Leverage existing community assets (including American Rescue Plan funds) in partnership with interested broadband providers to expand broadband network deployment.
The strength of these partnerships is that each party brings something important to the table that the other doesn’t have or can’t easily acquire. The community can offer infrastructure (publicly owned building rooftops, light poles, towers, and other vertical assets for mounting infrastructure) for the deployment of a network, as well as committed anchor tenants. Private-sector partners bring network-building and operations experience.
1) Determine priorities: Competition, enhanced service, equity, and service to all; public control over infrastructure; risk avoidance; redundancy, etc.

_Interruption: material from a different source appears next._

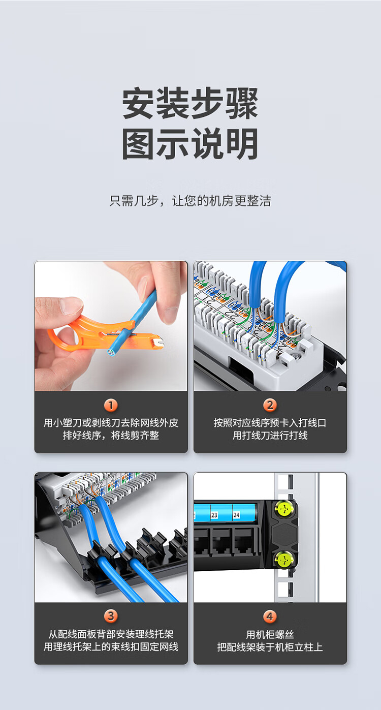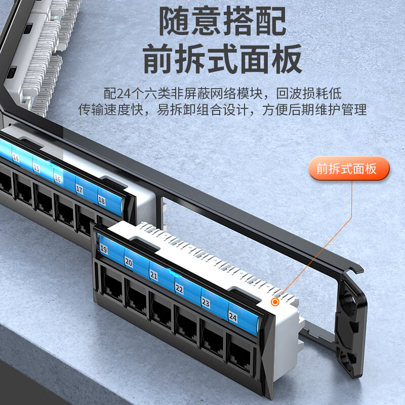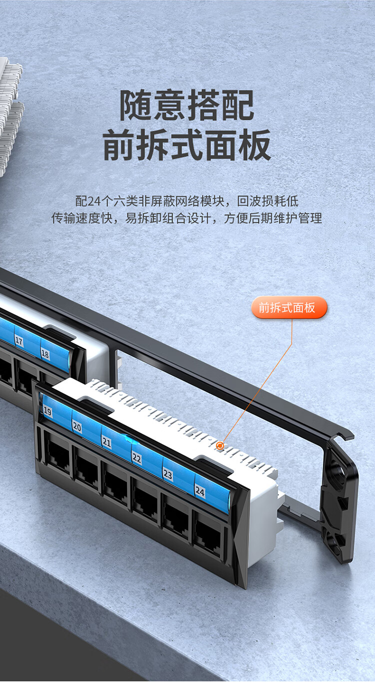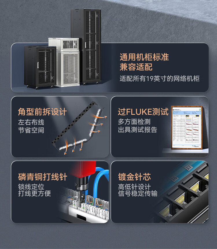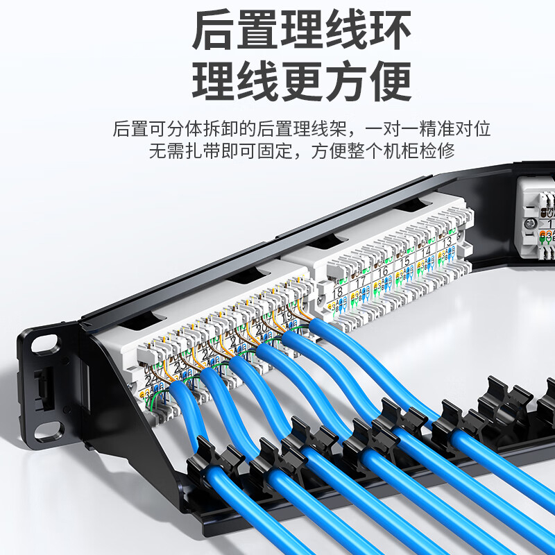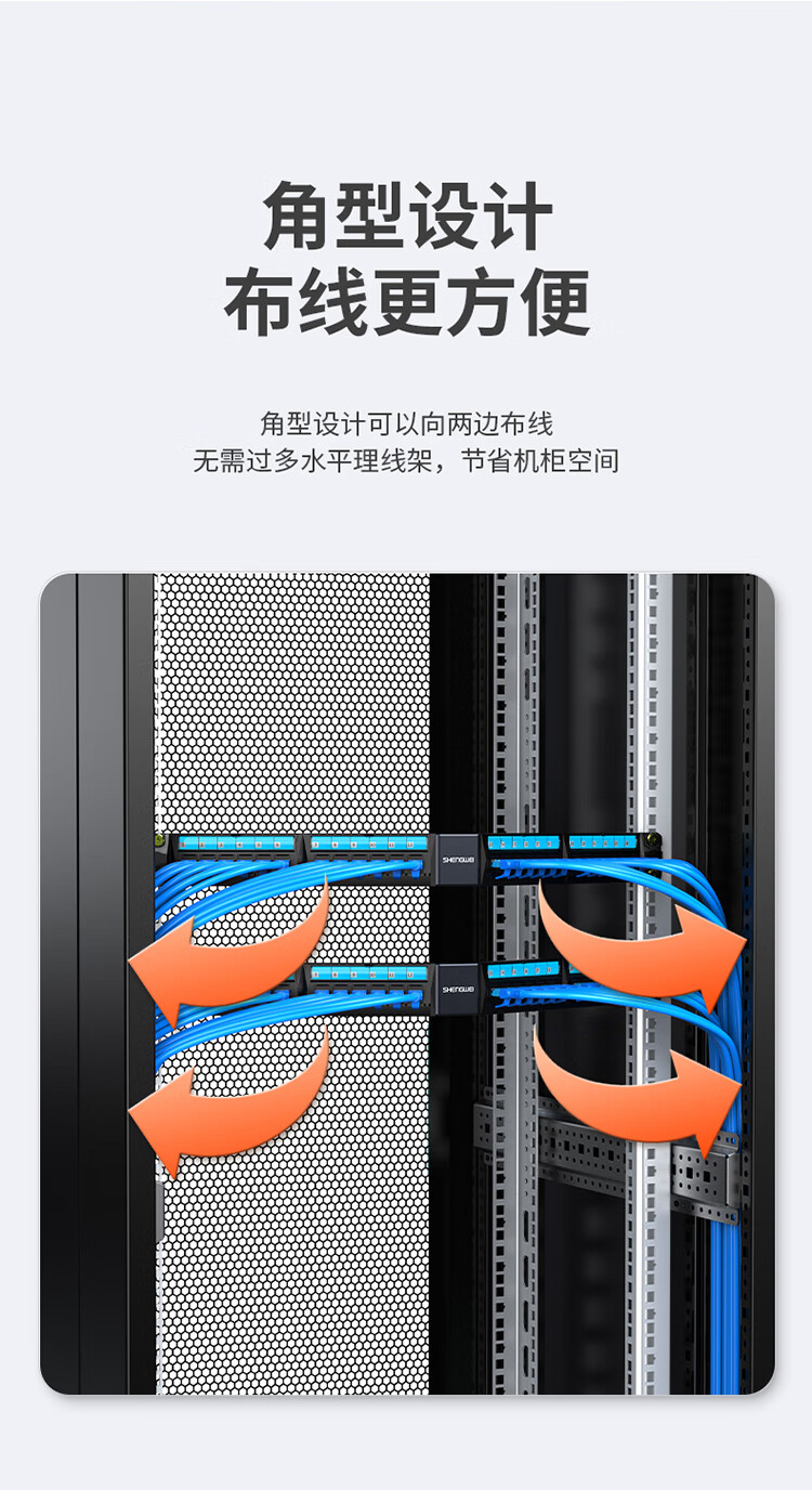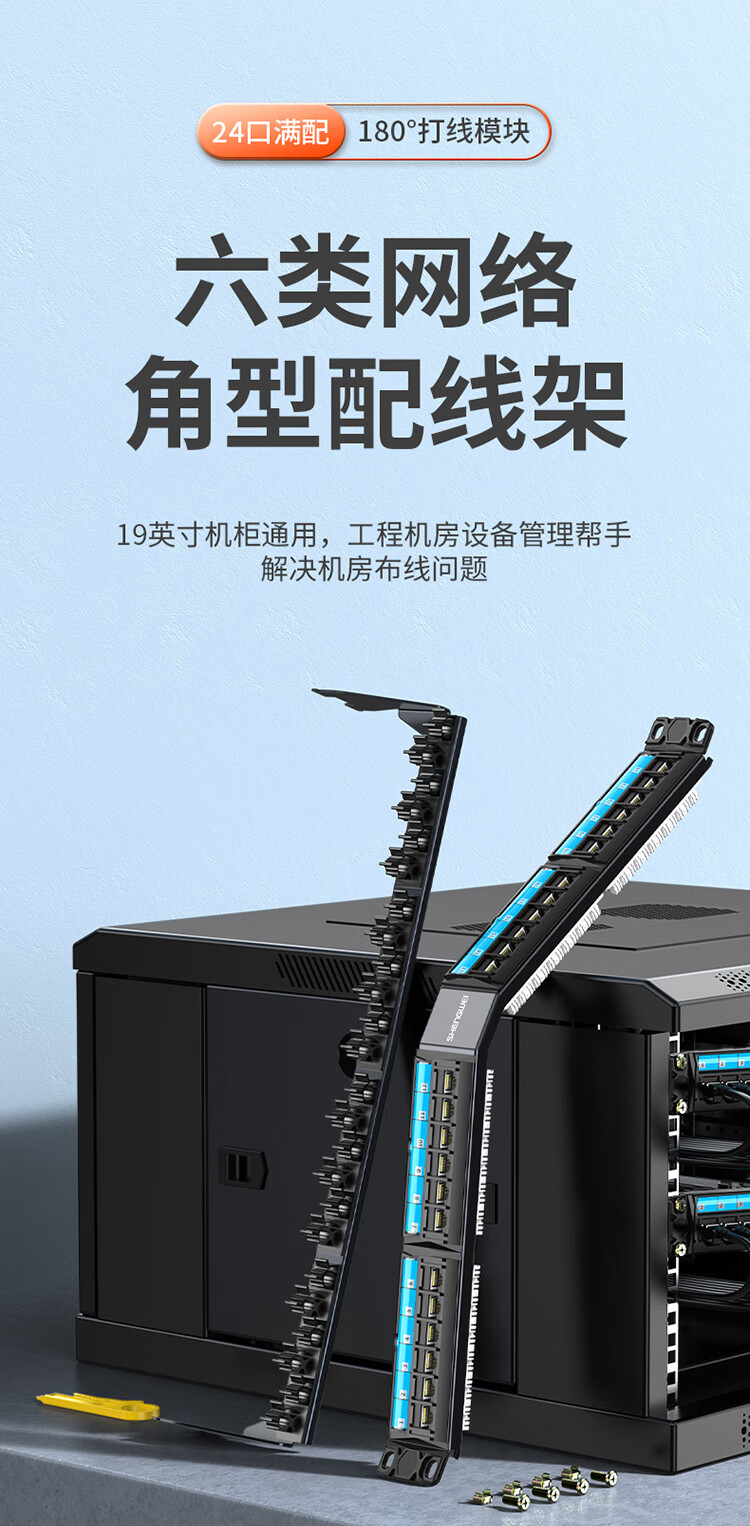 六類網(wǎng)絡(luò)角型配線架,24口滿配,180°打線模塊,19英寸機(jī)柜通用,工程機(jī)房設(shè)備管理幫手。角型前拆設(shè)計(jì),左右布線,節(jié)省空間。

2) Consider different models of partnership:
Model 1: Private Investment, Public Facilitation — Make available public assets such as fiber and conduit, share geographic information systems data, streamline permitting and inspection processes, offer economic development incentives to attract private broadband investment.
Model 2: Private Execution, Public Funding — Identify revenue streams that can be directed to a private partner, issue RFP for private turnkey execution.
Model 3: Shared Investment and Risk — Evaluate using assets to attract private investment, evaluate funding new assets to attract private investment, evaluate building new fiber assets to businesses and/or homes for leasing to private ISPs.
3) Understand key legal considerations for localities looking to build a broadband partnership: Review authority issues, understand the legal tools and instruments that could shape the partnership, negotiate the agreement.